* _Work item_
Every line below from the one with "修身羊毛吊帶背心女2025春秋冬季新款內搭毛衣針織打底衫上衣無袖" through the one with "8月3日,在哥倫比亞首都波哥" is to be repeated exactly, with no picture among them.

Working data: Begin

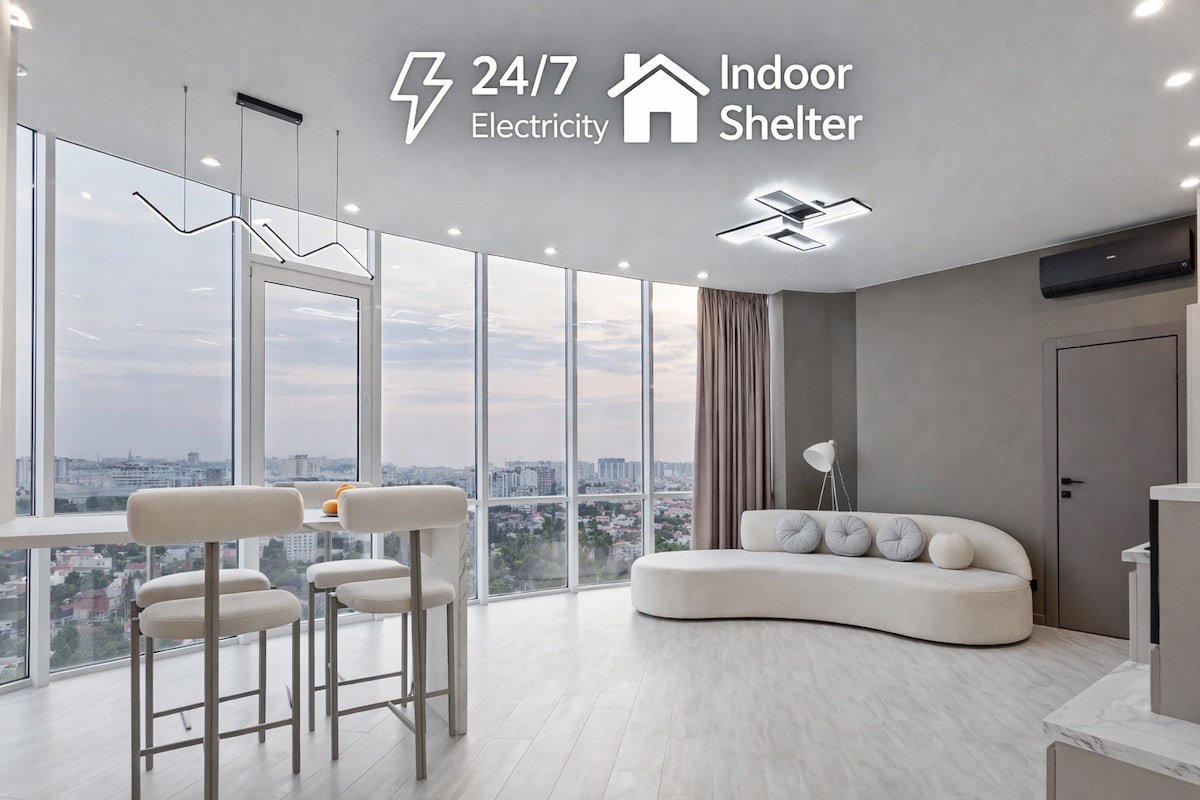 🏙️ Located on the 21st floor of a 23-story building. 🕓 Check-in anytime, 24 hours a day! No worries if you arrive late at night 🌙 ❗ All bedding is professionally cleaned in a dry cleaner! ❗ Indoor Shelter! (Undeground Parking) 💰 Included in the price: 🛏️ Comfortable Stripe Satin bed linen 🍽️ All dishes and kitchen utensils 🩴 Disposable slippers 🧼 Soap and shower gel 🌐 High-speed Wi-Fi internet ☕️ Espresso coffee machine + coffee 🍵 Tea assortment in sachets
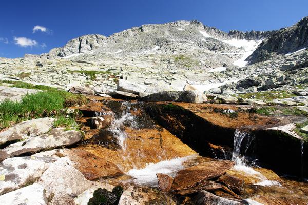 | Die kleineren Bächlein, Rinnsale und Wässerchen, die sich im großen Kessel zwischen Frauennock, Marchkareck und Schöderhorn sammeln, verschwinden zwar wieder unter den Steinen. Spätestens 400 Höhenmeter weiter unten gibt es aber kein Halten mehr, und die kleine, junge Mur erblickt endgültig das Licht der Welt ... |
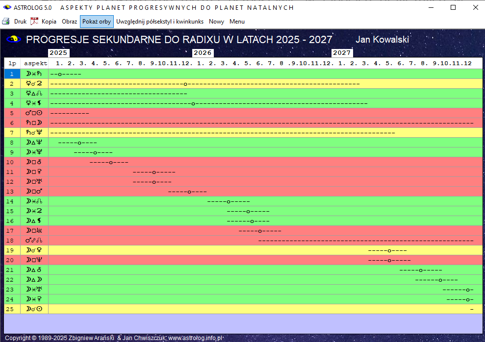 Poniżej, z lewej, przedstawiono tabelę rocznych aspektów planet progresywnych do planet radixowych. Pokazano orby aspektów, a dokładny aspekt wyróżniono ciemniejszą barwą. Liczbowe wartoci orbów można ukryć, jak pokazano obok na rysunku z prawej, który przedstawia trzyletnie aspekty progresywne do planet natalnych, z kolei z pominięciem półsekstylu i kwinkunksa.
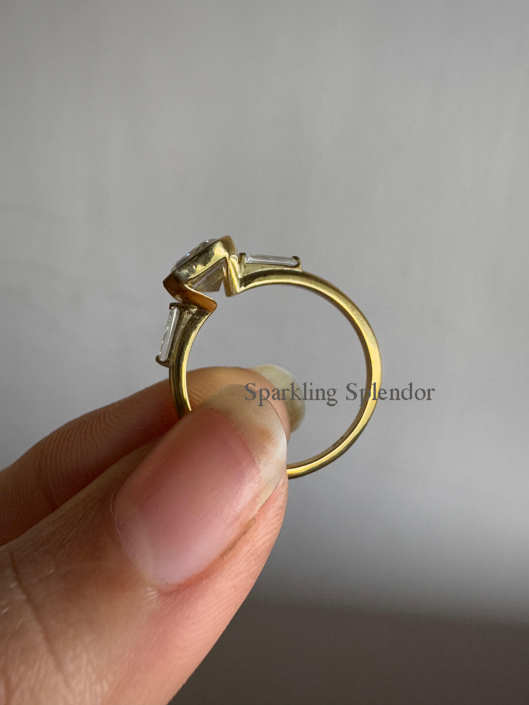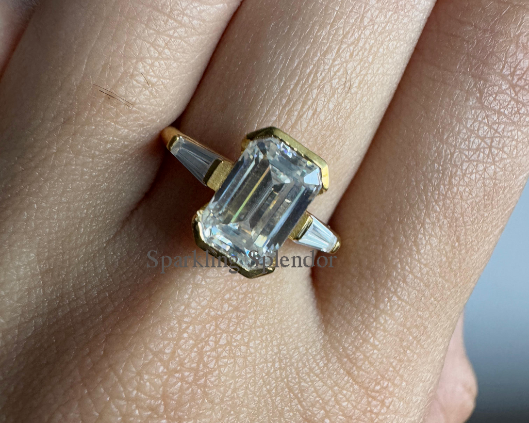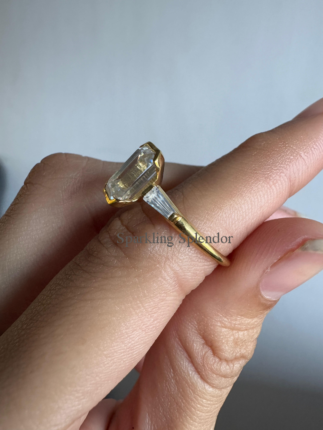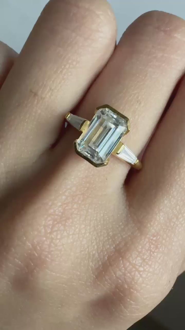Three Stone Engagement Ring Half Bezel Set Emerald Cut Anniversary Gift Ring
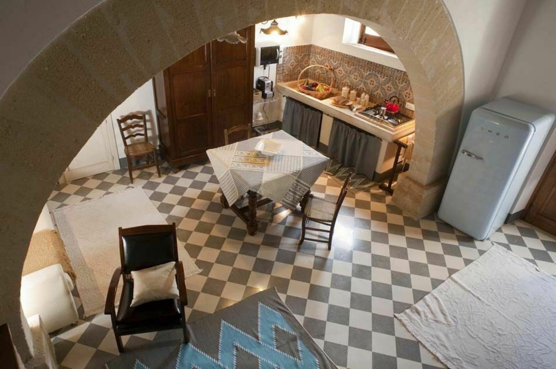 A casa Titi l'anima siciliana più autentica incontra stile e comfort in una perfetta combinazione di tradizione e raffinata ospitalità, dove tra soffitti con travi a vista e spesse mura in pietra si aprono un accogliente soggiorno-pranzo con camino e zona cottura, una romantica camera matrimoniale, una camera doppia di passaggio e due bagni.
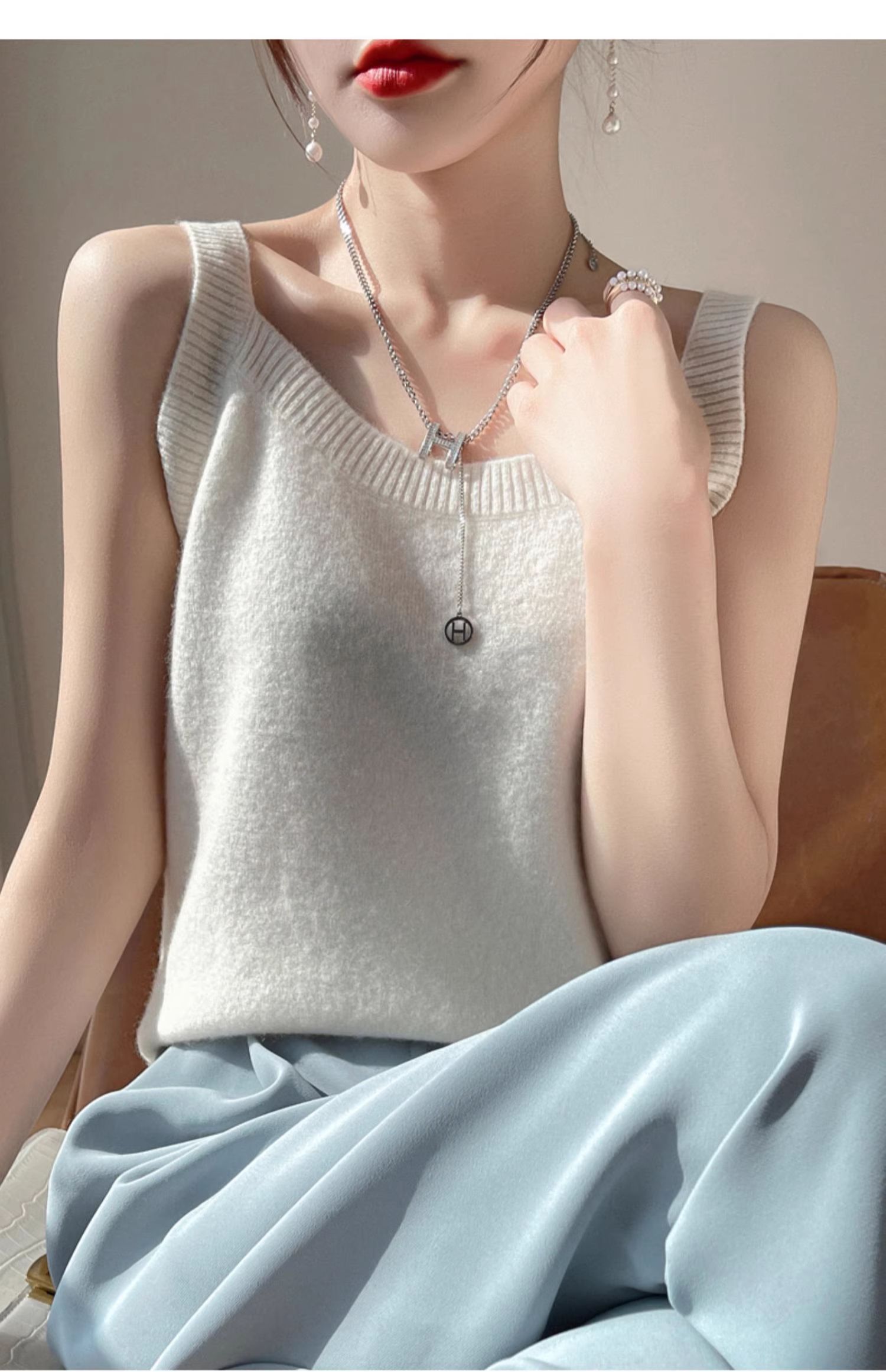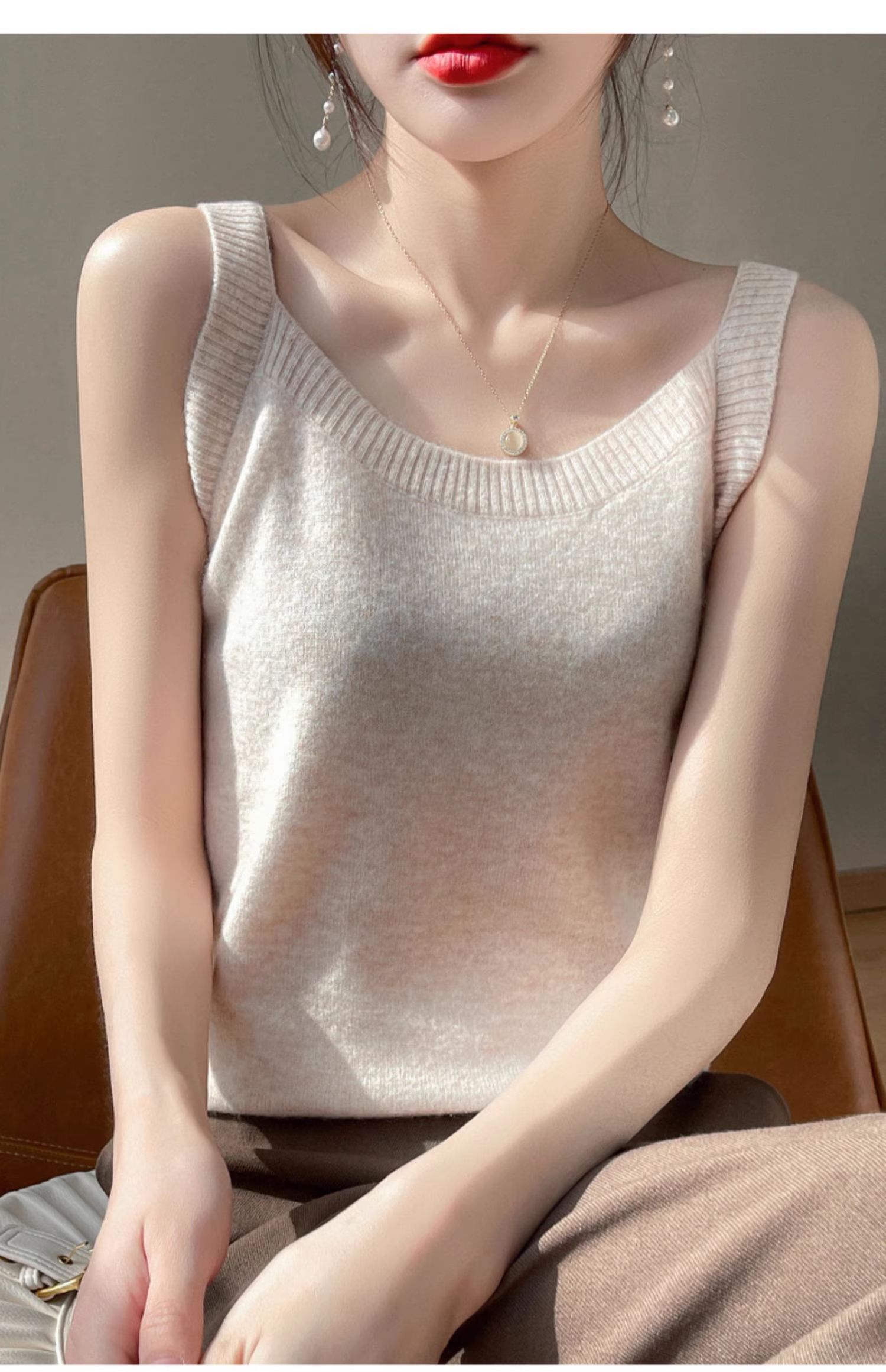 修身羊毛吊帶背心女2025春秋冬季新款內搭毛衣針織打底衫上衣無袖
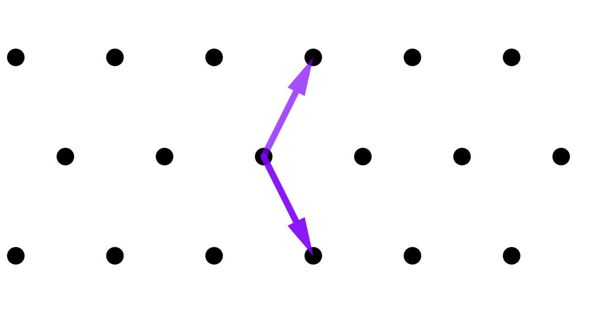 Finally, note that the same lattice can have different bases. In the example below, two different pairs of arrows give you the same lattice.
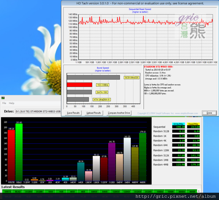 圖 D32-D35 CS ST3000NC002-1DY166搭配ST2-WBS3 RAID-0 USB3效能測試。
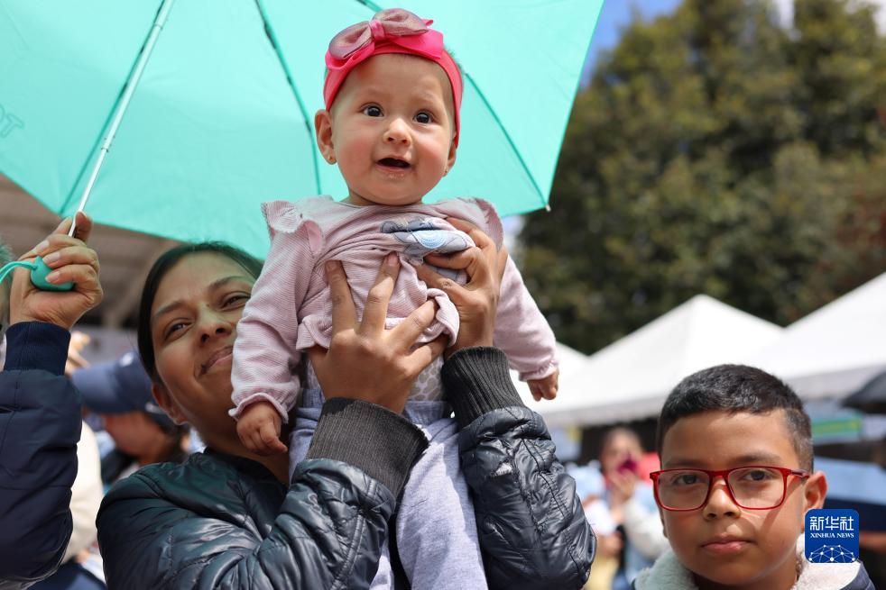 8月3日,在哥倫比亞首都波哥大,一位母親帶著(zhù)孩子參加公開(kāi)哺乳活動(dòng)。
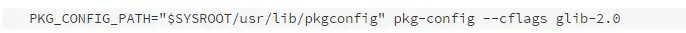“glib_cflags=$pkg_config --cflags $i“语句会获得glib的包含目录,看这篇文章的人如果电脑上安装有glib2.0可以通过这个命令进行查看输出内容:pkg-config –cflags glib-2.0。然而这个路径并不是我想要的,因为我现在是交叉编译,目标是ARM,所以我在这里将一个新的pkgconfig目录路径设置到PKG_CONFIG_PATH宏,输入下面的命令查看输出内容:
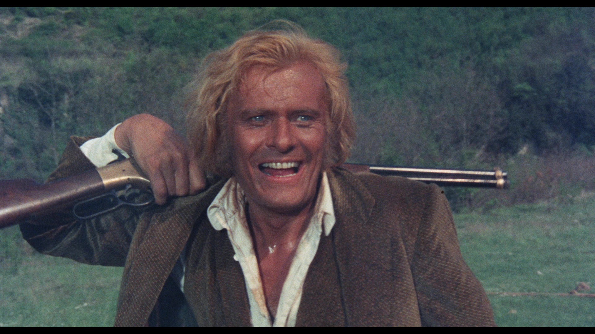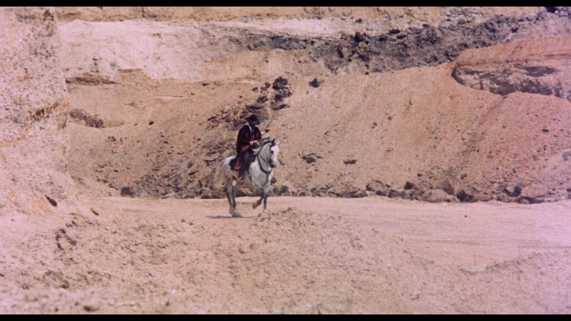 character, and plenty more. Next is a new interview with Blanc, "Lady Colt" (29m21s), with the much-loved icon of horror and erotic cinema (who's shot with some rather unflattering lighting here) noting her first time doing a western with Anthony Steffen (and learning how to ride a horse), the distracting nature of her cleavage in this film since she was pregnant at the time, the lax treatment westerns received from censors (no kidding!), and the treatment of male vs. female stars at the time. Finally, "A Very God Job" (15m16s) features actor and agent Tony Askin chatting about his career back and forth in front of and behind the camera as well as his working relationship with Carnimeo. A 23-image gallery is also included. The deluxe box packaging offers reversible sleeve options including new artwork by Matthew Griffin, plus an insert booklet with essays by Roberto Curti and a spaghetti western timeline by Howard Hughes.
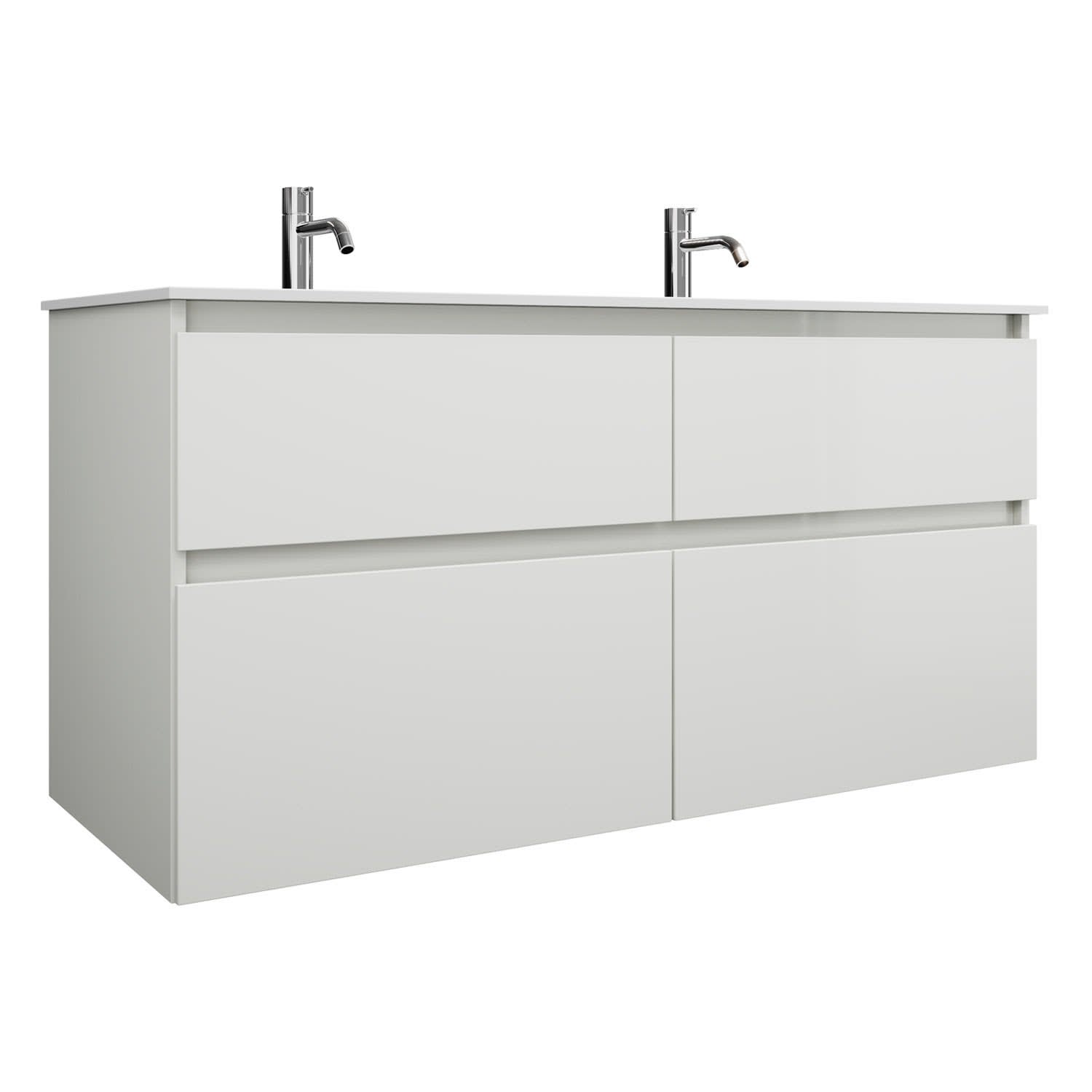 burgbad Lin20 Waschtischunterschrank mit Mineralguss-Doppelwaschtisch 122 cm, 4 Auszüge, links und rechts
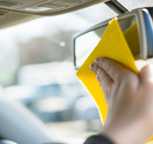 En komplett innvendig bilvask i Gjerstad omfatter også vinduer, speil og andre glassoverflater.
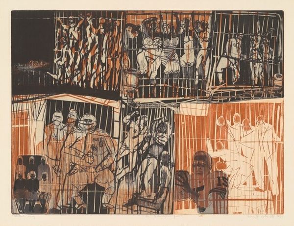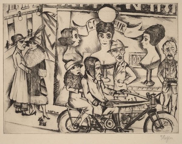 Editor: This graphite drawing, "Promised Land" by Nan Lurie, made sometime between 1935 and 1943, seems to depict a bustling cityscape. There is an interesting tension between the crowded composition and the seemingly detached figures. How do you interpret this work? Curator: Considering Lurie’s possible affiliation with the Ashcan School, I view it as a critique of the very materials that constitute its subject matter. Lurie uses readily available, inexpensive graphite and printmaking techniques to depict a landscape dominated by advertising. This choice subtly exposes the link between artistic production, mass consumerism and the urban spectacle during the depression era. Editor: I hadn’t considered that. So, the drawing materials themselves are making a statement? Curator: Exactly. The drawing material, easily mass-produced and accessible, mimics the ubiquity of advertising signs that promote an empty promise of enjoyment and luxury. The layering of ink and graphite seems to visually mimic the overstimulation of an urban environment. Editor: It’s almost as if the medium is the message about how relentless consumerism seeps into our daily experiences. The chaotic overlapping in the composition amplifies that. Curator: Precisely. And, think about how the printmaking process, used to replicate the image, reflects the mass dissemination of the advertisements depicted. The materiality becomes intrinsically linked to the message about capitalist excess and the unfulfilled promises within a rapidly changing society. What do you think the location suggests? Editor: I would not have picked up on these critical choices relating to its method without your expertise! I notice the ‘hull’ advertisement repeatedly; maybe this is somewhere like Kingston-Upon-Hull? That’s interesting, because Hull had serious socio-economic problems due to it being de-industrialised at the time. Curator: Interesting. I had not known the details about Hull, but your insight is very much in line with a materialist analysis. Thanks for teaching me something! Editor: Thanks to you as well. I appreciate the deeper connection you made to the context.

Working data: End

* _Output of the exercise_
 修身羊毛吊帶背心女2025春秋冬季新款內搭毛衣針織打底衫上衣無袖
 Finally, note that the same lattice can have different bases. In the example below, two different pairs of arrows give you the same lattice.
 圖 D32-D35 CS ST3000NC002-1DY166搭配ST2-WBS3 RAID-0 USB3效能測試。
 8月3日,在哥倫比亞首都波哥大,一位母親帶著(zhù)孩子參加公開(kāi)哺乳活動(dòng)。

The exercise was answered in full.